I think I should do some reading on dataclasses too

gsteele13 · 1 April 2021 21:39

I also did not know about the update() function of dict objects, awesome!

gsteele13 · 1 April 2021 21:51

I also learned something weird about python class attributes and self.__dict__: apparently, they are not added into self.__dict__ until they are set once? even though they do have a value…

Screenshot 2021-04-01 at 23.47.03

But if you set them in __init__(), then they are in the dict:

import json

class Foo:
    def __init__(self):    
        self.a = 1
        self.b = 1.5
        self.c = "a string"
        self.d = ["a", "list", "of", "strings"]

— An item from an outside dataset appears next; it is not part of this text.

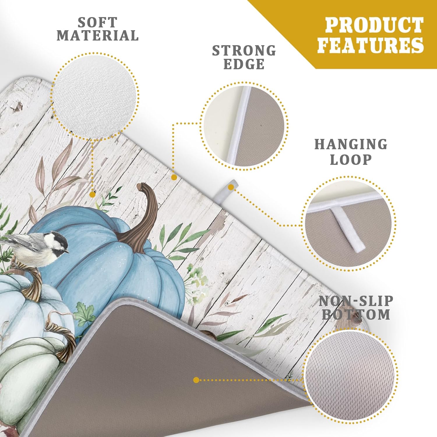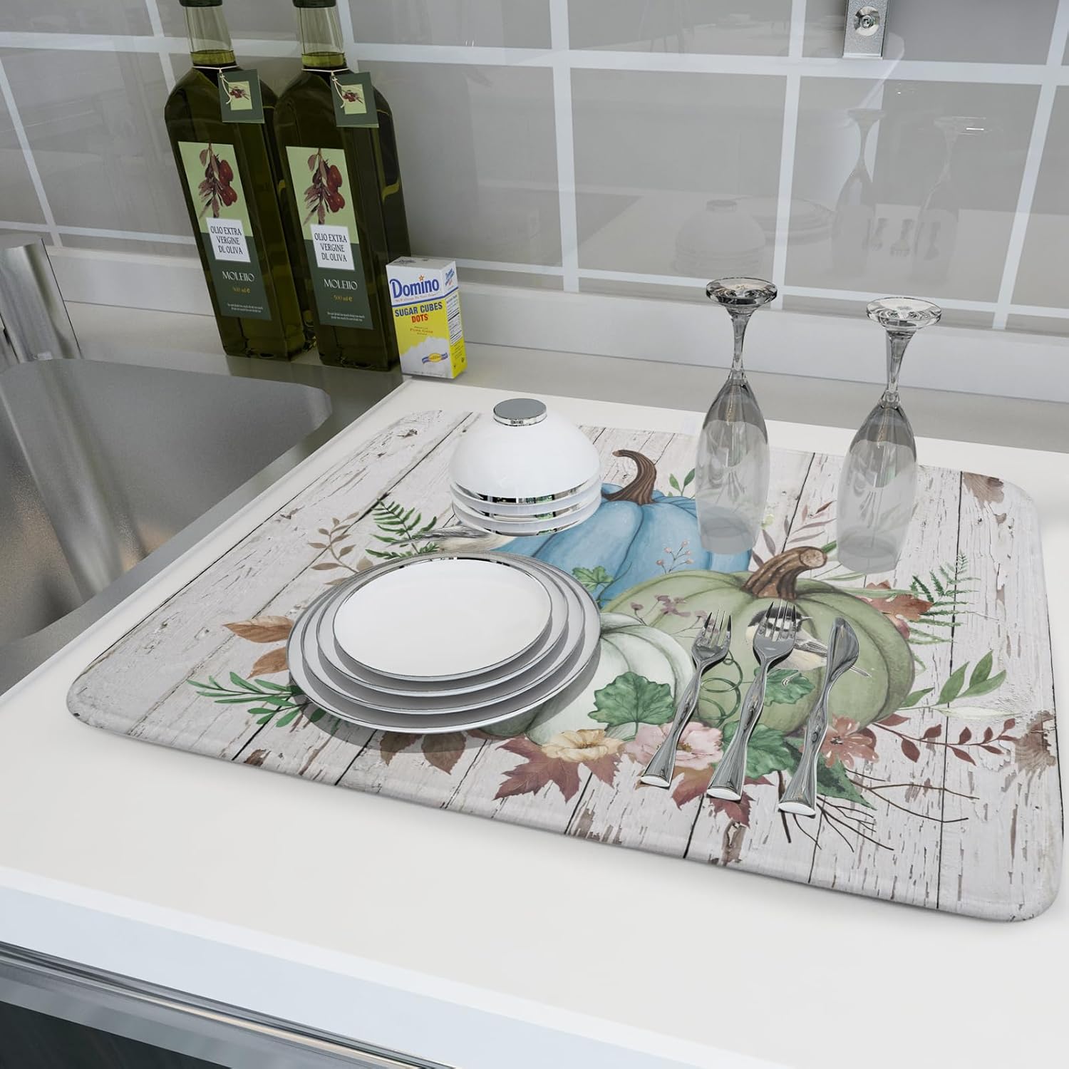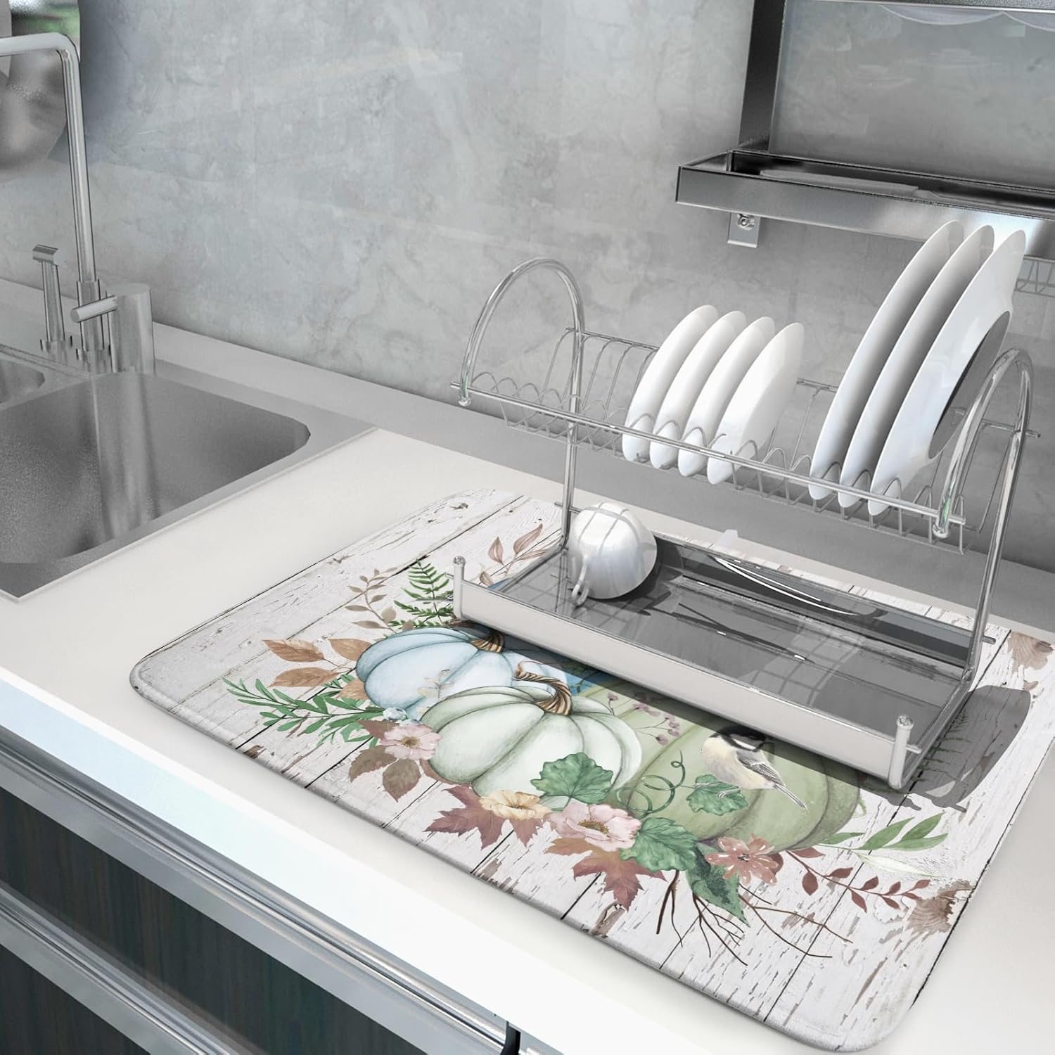 - 【Protect Tableware】Place your dishes on it or under dish racks, the autumn pumpkin dish mat prevents bowls, glassware, and more tablewares from being scratched or worn, can be used as dish drying mat, sink mat, dishes drainer mats to keep the countertop dry and tidy.

    def save_settings(self):
        with open("settings.json", "w") as f:
            json.dump(self.__dict__, f, indent=4)
    
    def load_settings(self):
        with open("settings.json", "r") as f:
            settings = json.load(f)
        self.__dict__.update(settings)

mega handy! and “reverse compatibility” for free

gsteele13 · 2 April 2021 18:51

curiously, with traits, if you declare them only in the __init__ function then they are not picked up in the traits() function, you must declare them outside of the init in the “top level” of the code…so kindof the opposite behaviour to __dict__…

gsteele13 · 2 April 2021 19:14

and it seems that traitets already support configuration files for traits of classes:

https://traitlets.readthedocs.io/en/stable/config.html#python-configuration-files

which is perfect since the things I want to serialise are going to be traits that are (optionally) linked to ipywidget gui controls (see other post… )

anton-akhmerov · 2 April 2021 19:33

Great that you found the solution!

To comment on the other question, the difference is between class attributes, which are defined in the class body, and are stored in Bar.__dict__ and the instance attributes, which are stored in B.__dict__. One way to get all data associated with an object is dir(B), however that will return all the methods as well.

slavoutich · 4 April 2021 17:39

My concern here (why I didn’t point that directly) was mostly about another thing: if you want to dynamically save/load configuration, you would rather go for JSON configuration files, and I am not sure how these are organized. This is a distinction in Jupyter configs: JSON configs are mostly machine-generated and Python configs are user-generated. I don’t remember what is the best way to use dynamic JSON configs, I would dig in Jupyter code first to see how they do it.

gsteele13 · 5 April 2021 09:02

Indeed, it seems that traitlets also support JSON config files, but it is not super-clear from the docs if load_config() can also accept JSON files. Will have to dig a bit.